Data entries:

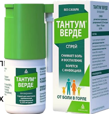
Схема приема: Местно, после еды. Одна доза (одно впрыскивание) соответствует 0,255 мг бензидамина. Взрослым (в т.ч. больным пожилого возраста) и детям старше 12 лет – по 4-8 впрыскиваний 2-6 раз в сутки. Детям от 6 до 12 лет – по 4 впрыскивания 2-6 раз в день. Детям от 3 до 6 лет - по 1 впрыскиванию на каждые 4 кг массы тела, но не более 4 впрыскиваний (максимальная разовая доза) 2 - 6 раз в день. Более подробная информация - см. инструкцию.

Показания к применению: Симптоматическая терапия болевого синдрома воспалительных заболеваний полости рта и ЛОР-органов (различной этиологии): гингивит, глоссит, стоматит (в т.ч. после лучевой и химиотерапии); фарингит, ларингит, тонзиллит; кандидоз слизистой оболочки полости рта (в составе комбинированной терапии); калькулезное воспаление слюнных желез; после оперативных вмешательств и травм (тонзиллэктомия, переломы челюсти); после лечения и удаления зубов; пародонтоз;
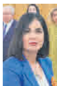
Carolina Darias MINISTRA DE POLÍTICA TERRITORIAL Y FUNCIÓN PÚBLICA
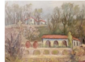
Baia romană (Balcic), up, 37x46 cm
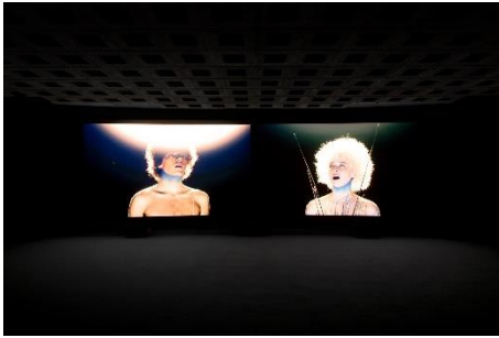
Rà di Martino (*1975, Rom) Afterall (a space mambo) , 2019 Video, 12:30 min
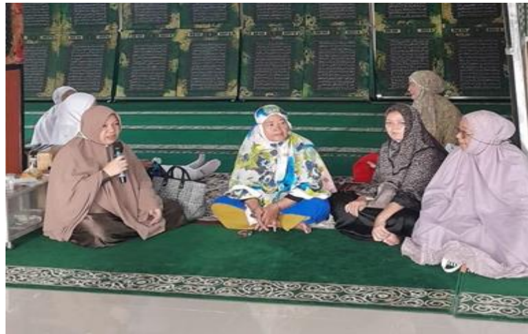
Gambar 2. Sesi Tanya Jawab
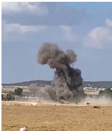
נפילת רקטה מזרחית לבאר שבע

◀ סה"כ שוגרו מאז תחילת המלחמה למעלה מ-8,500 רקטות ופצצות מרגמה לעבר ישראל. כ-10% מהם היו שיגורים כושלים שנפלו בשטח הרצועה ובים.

Aim of the exercise:
Retype the lines exactly. Begin at the one that holds "Rà di Martino", stop at the last line of the entries above, and drop the pictures.

Result for this task:
Rà di Martino (*1975, Rom) Afterall (a space mambo) , 2019 Video, 12:30 min
Gambar 2. Sesi Tanya Jawab
נפילת רקטה מזרחית לבאר שבע

◀ סה"כ שוגרו מאז תחילת המלחמה למעלה מ-8,500 רקטות ופצצות מרגמה לעבר ישראל. כ-10% מהם היו שיגורים כושלים שנפלו בשטח הרצועה ובים.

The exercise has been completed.